One for Wallonia, one for Flanders: Belgium has two separate yearbooks.

In Belgium the country’s special political structure alone precludes the national element –here the language barrier is more important than the external state border. As such, there are two entirely independent annuals, namely “Inventories” for Wallonia and Brussels, and the “Flanders Architectural Review” for the Flemish-speaking north of the country. “Inventories” attracts attention with an extra feature: Nine illustrators were each given five pages to create a story on one of the buildings featured. This approach breaks up the otherwise overly dry, staid architectural instruction of most annuals with humor and esprit, and at the same time the buildings are presented in a sophisticated yet easily understandable manner. The Flemish edition on the other hand goes to the trouble of distilling an annual theme from the buildings. In 2016 it was “Tailored Architecture,” meaning architecture that, against the background of the current economic conditions of austerity, seeks to be not only economical, but also robust and of consistent high quality and to find a “customized solution” for the task at hand. Precisely in their being diametrically opposed – in format, approach, selection and publication schedule – the two Belgian annuals say a great deal about the country and its architecture.

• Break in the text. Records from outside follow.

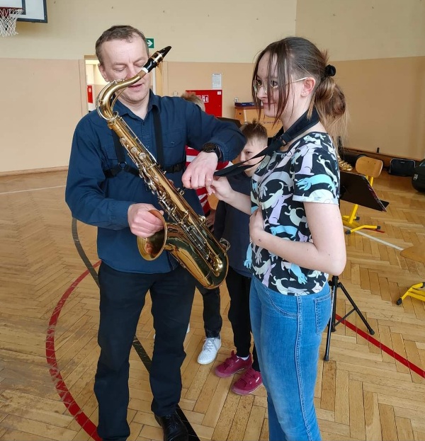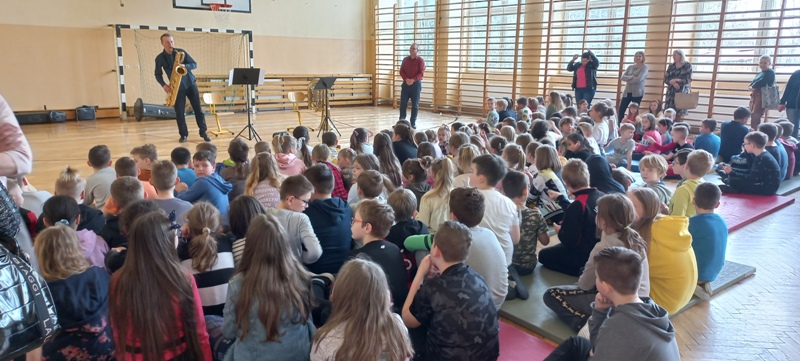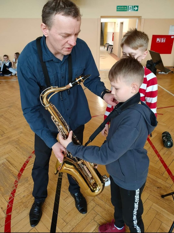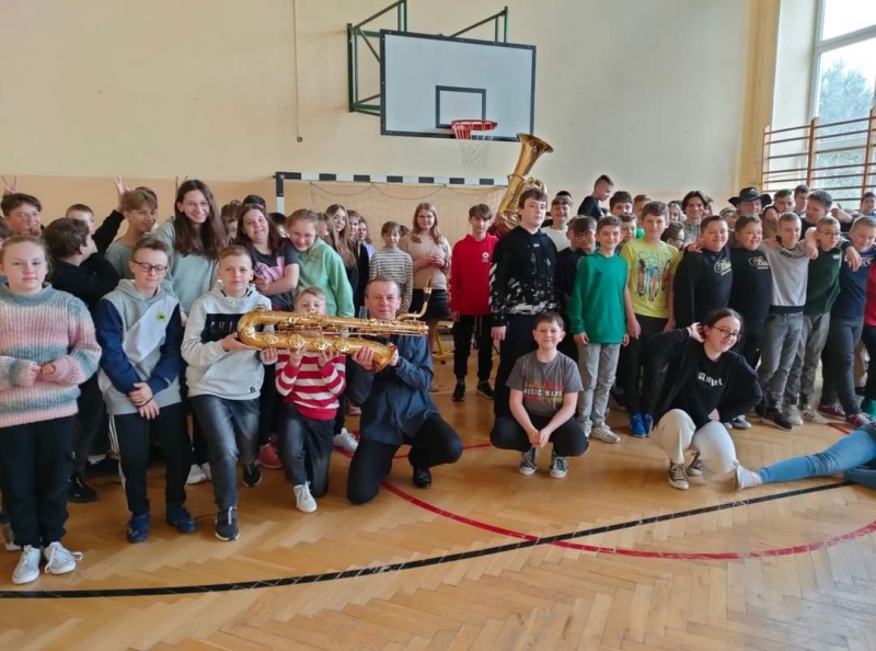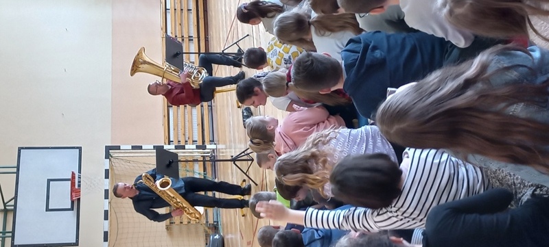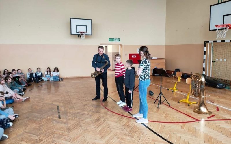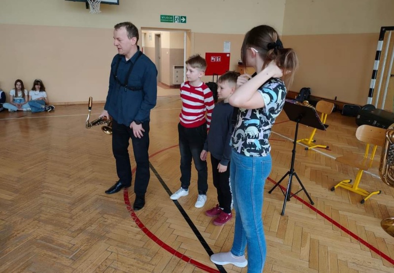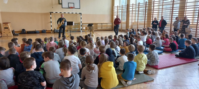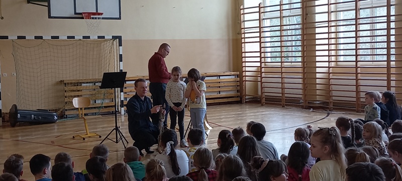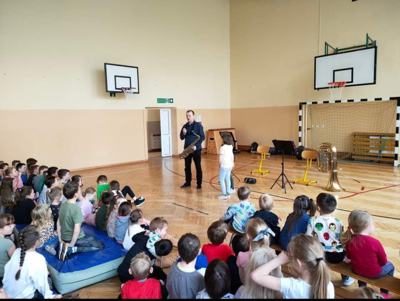 Dnia 27 kwietnia 2022 roku w naszej szkole odbyły się audycje muzyczne prowadzone przez muzyków z Repezentacyjnego Zespołu Artystycznego Wojska Polskiego. Uczniowie poznali budowę i brzmienie saksofonu barytonowego oraz próbowali na nim grac. Dzieci słuchały, spiewaly i klaskały. Wszystkim bardzo podobała się ta podróż do krainy muzyki.
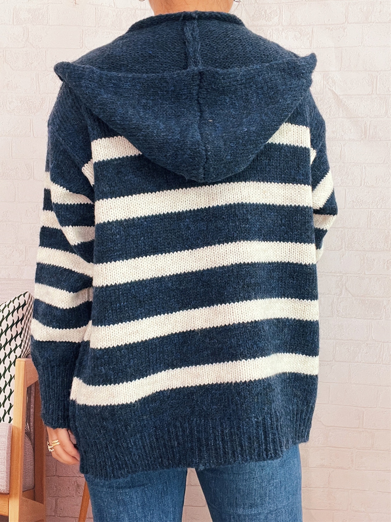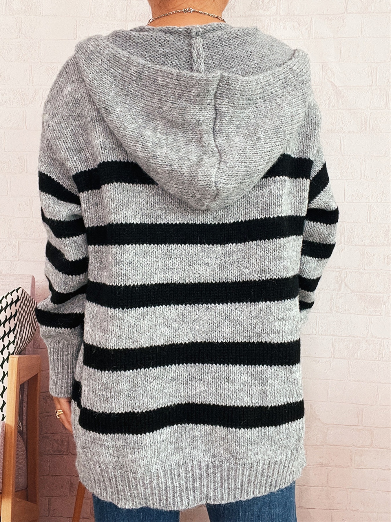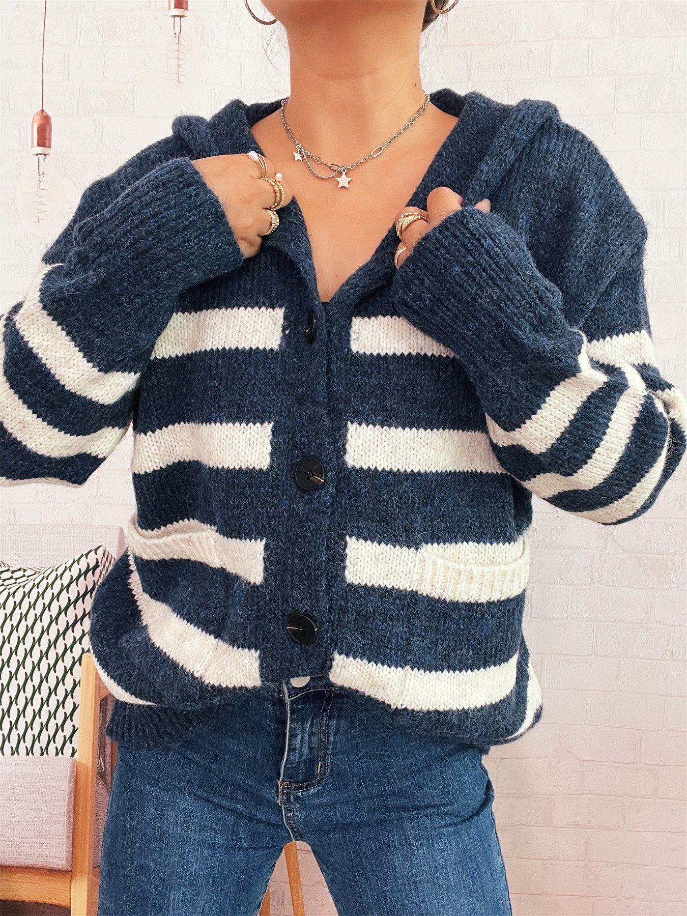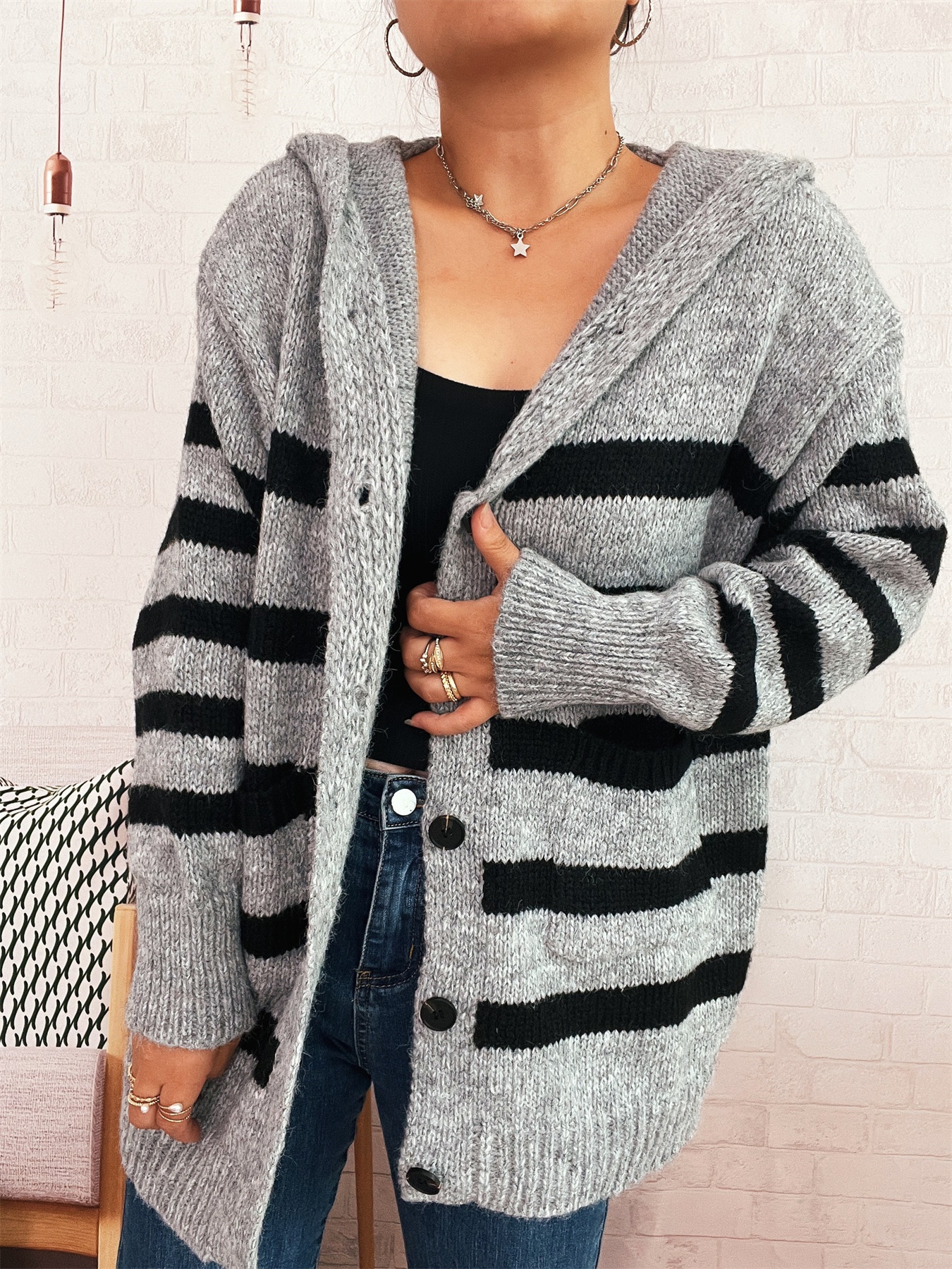 Casual Loose Plus-sized Hooded Single-breasted Long Sleeve Sweater For Women
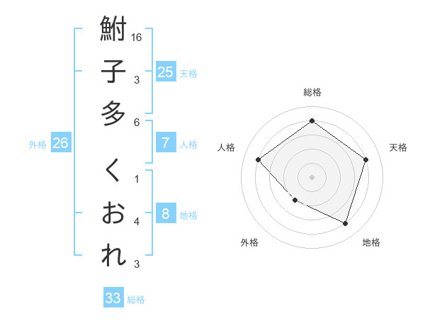 鮒子多 くおれさんの総格は33画の4点!
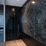 Upstairs at the front of the house is the combined childās bedroom and playroom, with a large picture window facing the street. The walkway flooring between the childās wing and the parentās suite is made of glass, which allows light and views, and adds an exciting, playful touch. This hall also accommodates an office workspace alcove. The master/mistress bath features a black and white Rorschach-like expanse of Kenya Black marble (from Antolini in Italy, through Stone Source) behind the tub and shower. The master suite also opens onto a terrace that overlooks the patio seating area and yard.
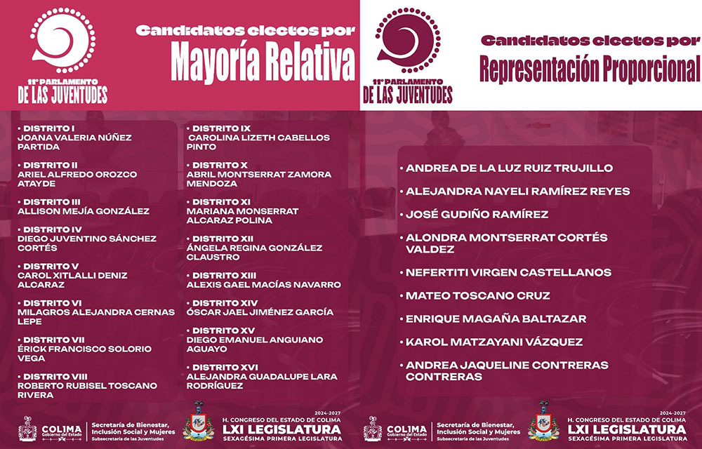 Esta edición reunirá a 25 representantes de los diez municipios de Colima, quienes participarán como diputados juveniles por un día, con la responsabilidad de presentar sus intereses, preocupaciones y propuestas en torno a temas clave que impactan al sector juvenil y a la población colimense en general.
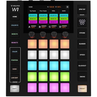 Le Wolfmix W1 MK3 combine un contrôle DMX professionnel, une commande de performance intuitive et une construction robuste dans un format compact. Il est idéal pour les DJ, les techniciens d'éclairage, les organisateurs d'événements et les productions en tournée qui souhaitent une flexibilité maximale sans ordinateur portable.
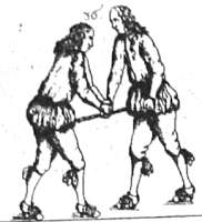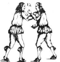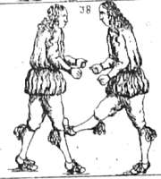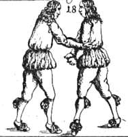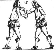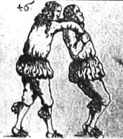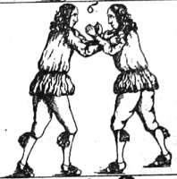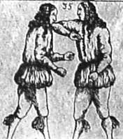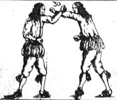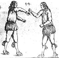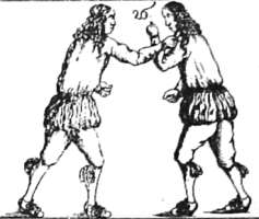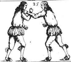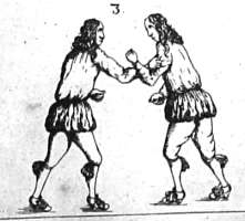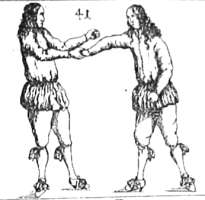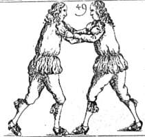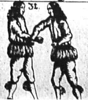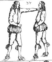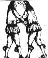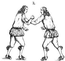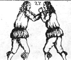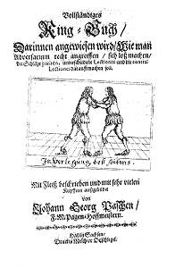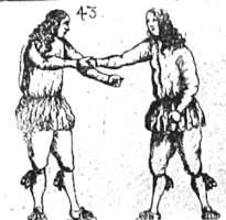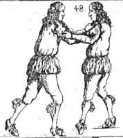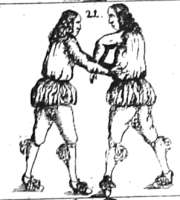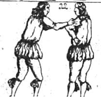 This is an interesting little 17th century wrestling manual, with focus on unarmed defence, and surprisingly complete in the types of techniques covered. It is also boringly repetitious and the explanations are not extraordinarily clear. The clarity is not improved by a paragraph numbering scheme that doesn't match the picture numbers, and the hard to read, fraktur-style typeface. I have omitted the paragraph numbering as I found it more confusing than helpful. The original has the pictures grouped, I have placed them with the relevant paragraphs.
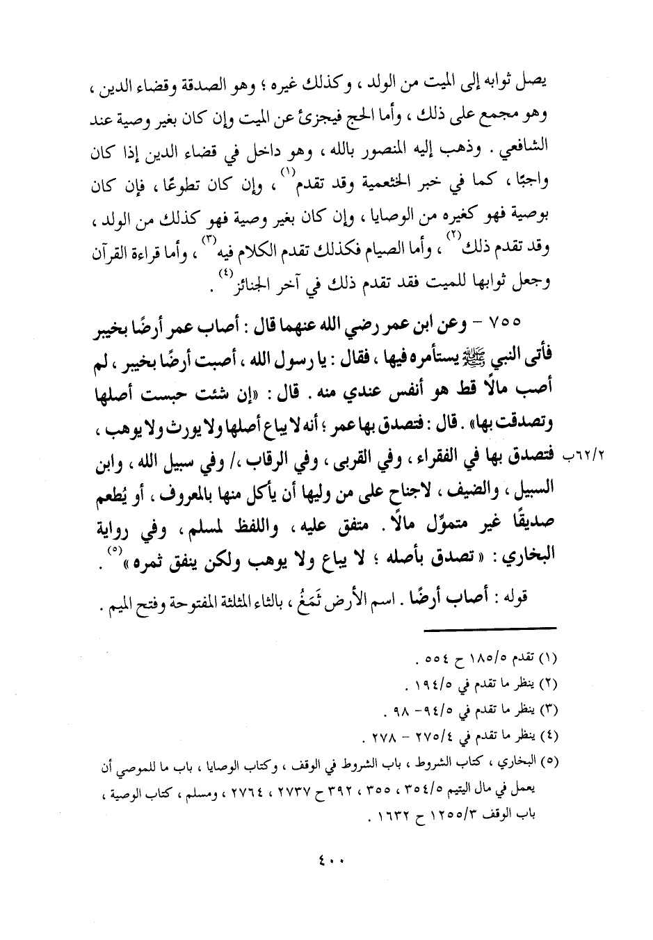 755 - وعن ابن عمر رضي الله عنهما قال: أصاب عمر أرضًا بخيبر فأتى النبي - صلى الله عليه وسلم - يستأمره فيها، فقال: يا رسول الله، أصبت أرضًا بخيبر، لم أصب مالًا قط هو أنفس عندي منه. قال: "إن شئت حبست أصلها وتصدقت بها". قال: فتصدق بها عمر؛ أنه لا يباع أصلها ولا يورث ولا يوهب، فتصدق بها في الفقراء، وفي القربى، وفي الرقاب، وفي سبيل الله، وابن السبيل، والضيف، لا جناح على من وليها أن يأكل منها بالمعروف، أو يُطعم صديقًا غير متموِّل مالًا. متفق عليه، واللفظ لمسلم، وفي رواية البخاري: "تصدق بأصله؛ لا يباع ولا يوهب ولكن ينفق ثمره" (¬5).
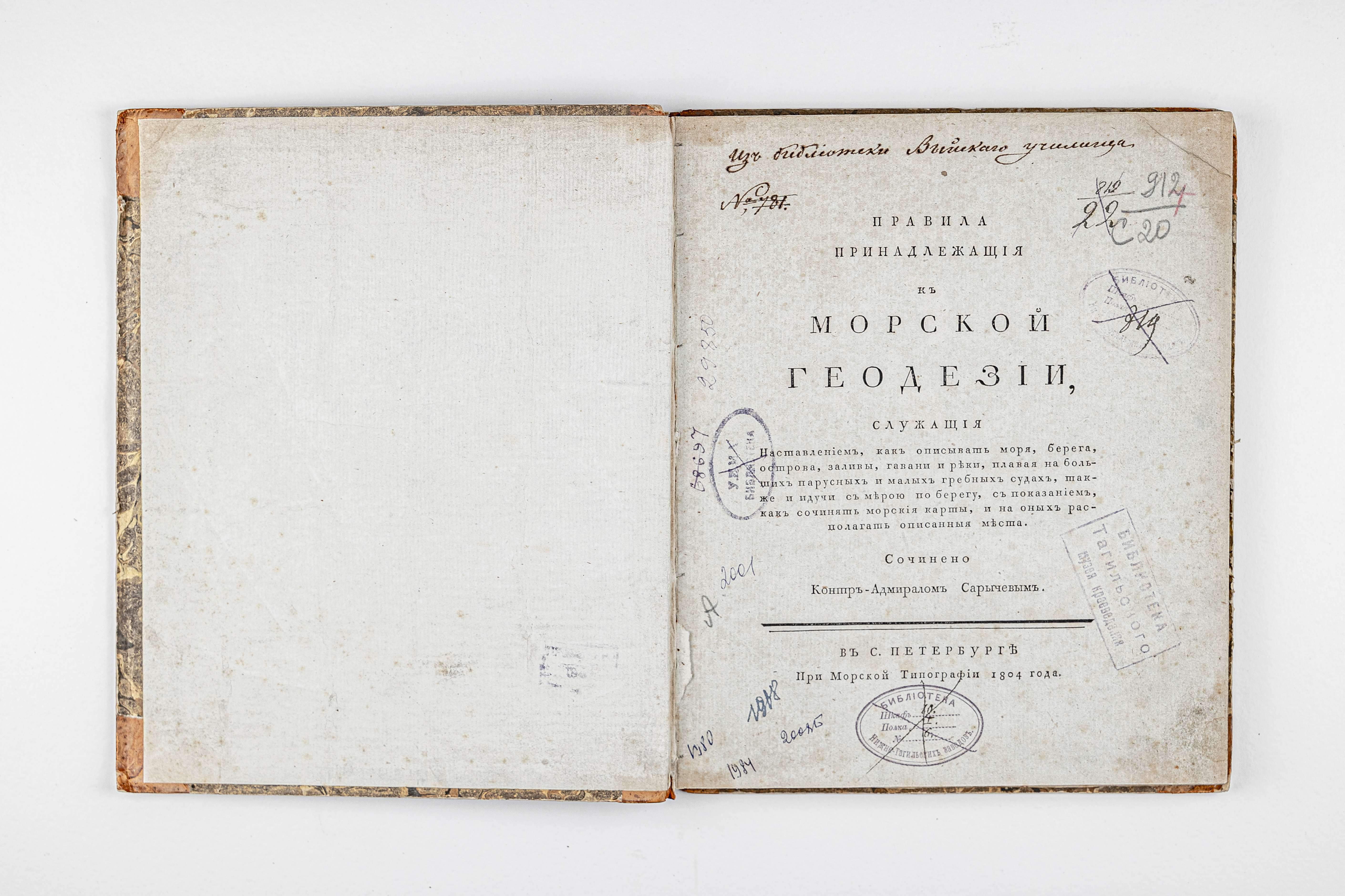 Сарычев, Г. А. (1763-1831). Правила принадлежащия к морской геодезии, служащия наставлением, как описывать моря, берега, острова, заливы, гавани и реки, плавая на больших парусных и малых гребных судах, также и идучи с мерою по берегу, с показанием, как сочинять морские карты, и на оных располагать описанныя места / Сочинено контр-адмиралом Сарычевым. – Санкт-Петербург : при Морской тип., 1804 – [6], IV, 126 с. : 8 л. ил., черт. ; 25х20,5 см.
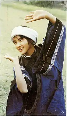 The Tujia are renowned for their singing and song composing abilities and for their tradition of the Baishou dance (摆手舞), a 500-year-old collective dance which uses 70 ritual gestures to represent war, farming, hunting, courtship and other aspects of traditional life. They are also famous for their richly patterned brocade, known as xilankapu, a product that in earlier days regularly figured in their tribute payments to the Chinese court. For their spring festival they prepare handmade glutinous rice cakes called ciba cake. They gather round the fire to sing folk songs and eat grilled ciba.[5]
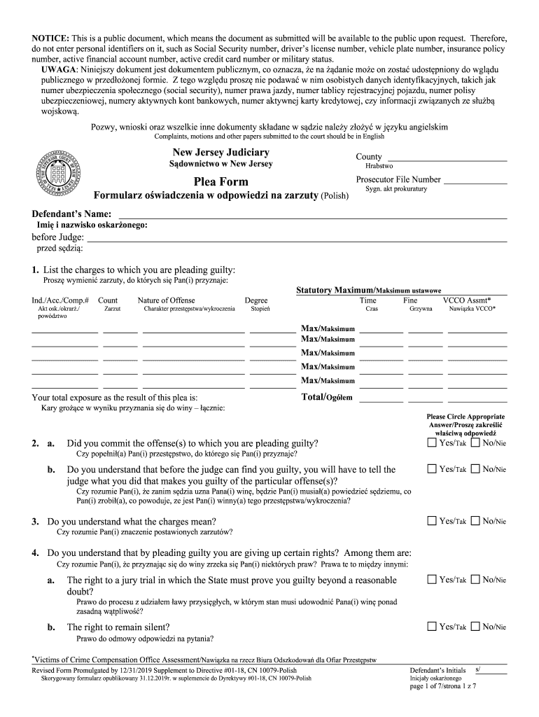 Get the free Plea Form/Formularz owiadczenia w odpowiedzi na zarzuty. Plea Form/Formularz owiadcz...
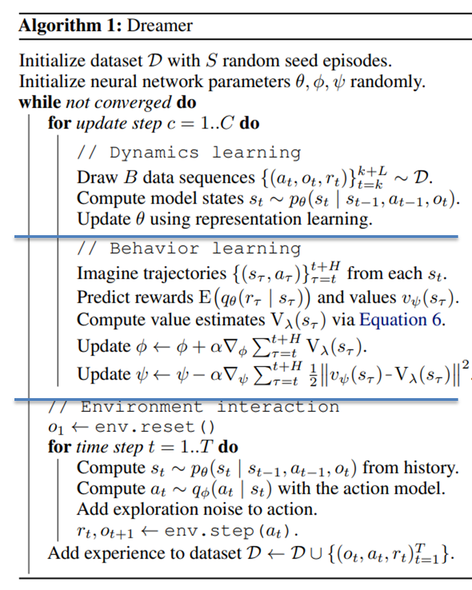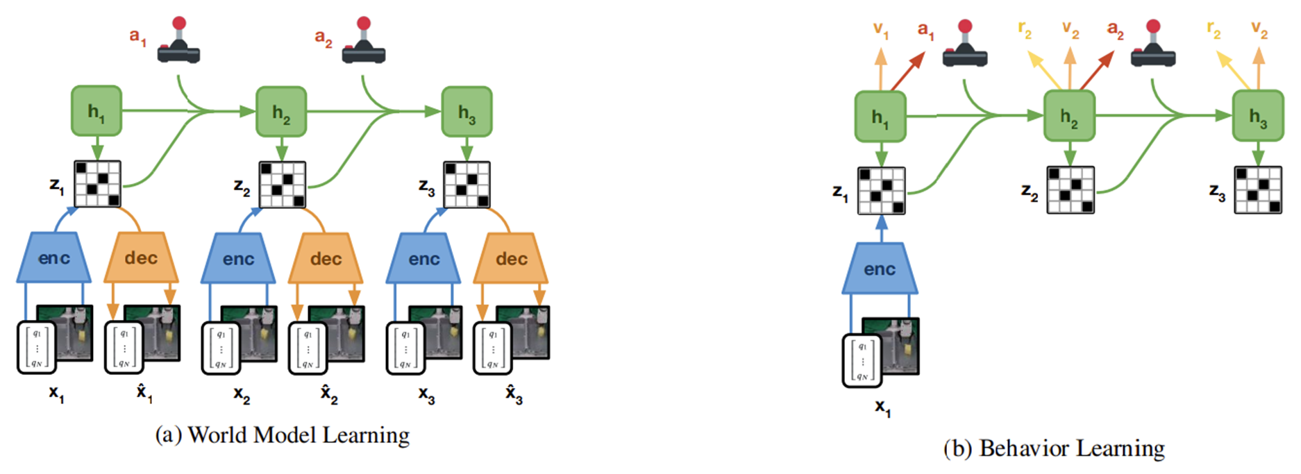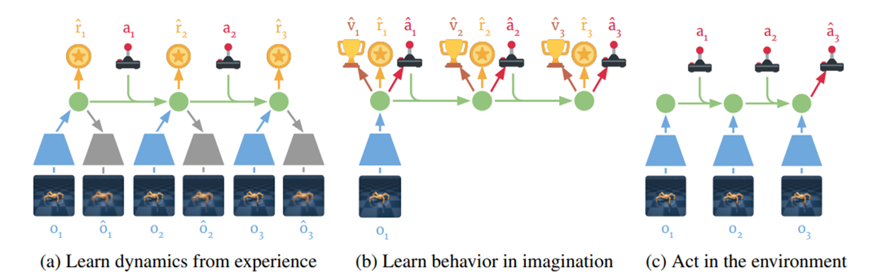 모델 구조는 월드모델(RSSM) + Actor + Critic이다. 기존 RSSM에 Actor와 Critic이 추가된 것을 확인할 수 있다.

An archive that would be worthwhile to bundle

The Spanish almanac thrives on the forceful political essays of its editor Luis Fernández-Galiano, which anchor the 20 selected projects in the political, economic, social and ecological changes of today. At most the buildings only partially withstand the socio-political demands on architecture as can be extrapolated from Galiano’s essays, yet precisely this makes the annual one of the ones most worth reading. The volume brought out by Hamburg’s Architektenkammer also belongs in this category. It presents, in detailed essays, 19 selected structures ranging from a penthouse to a day-care center less as successful design objects and more as prime examples attesting to specific changes in society. Nine essays comprising the “Hamburg Feuilleton” in the second half of the book address overarching themes of urban development and architecture, for instance Hamburg as “Arrival City” or monument protection for major Modernist buildings. With these essays the book provides, retrospectively, the architecture review that has been lacking in this quality in the cultural sections of daily newspapers all year.

One thing is two: From 2017, the German Architecture Yearbook is published every year as an "architectural guide", in which almost 100 buildings of the year are gathered.

And indeed, we would like to see many of the essays in the architectural annuals enjoy greater readership and availability. As such it is all the more surprising that none of them has developed a serious online presence – even just to make the periodically compiled projects permanently available in future as a continually growing archive. Deutsches Architekturmuseum has now started out down this road with the latest edition of its annual and launched a website featuring not only the 20 projects selected for the exhibition and publication, but all the just under 100 buildings that the museum researches every year anyway for the DAM Award. Regularly updated and with a useful navigation, it will quickly grow into an impressive online archive of new architecture in Germany, which would be even more worth reading if it included the essays from the annual – perhaps after a certain fixed period of time. Perhaps it would then also be a place where people can reflect meaningfully on interconnected trends and topics in architecture, in Germany and beyond. In any case, this project is a step towards an architecture annual 2.0, which is actually long overdue.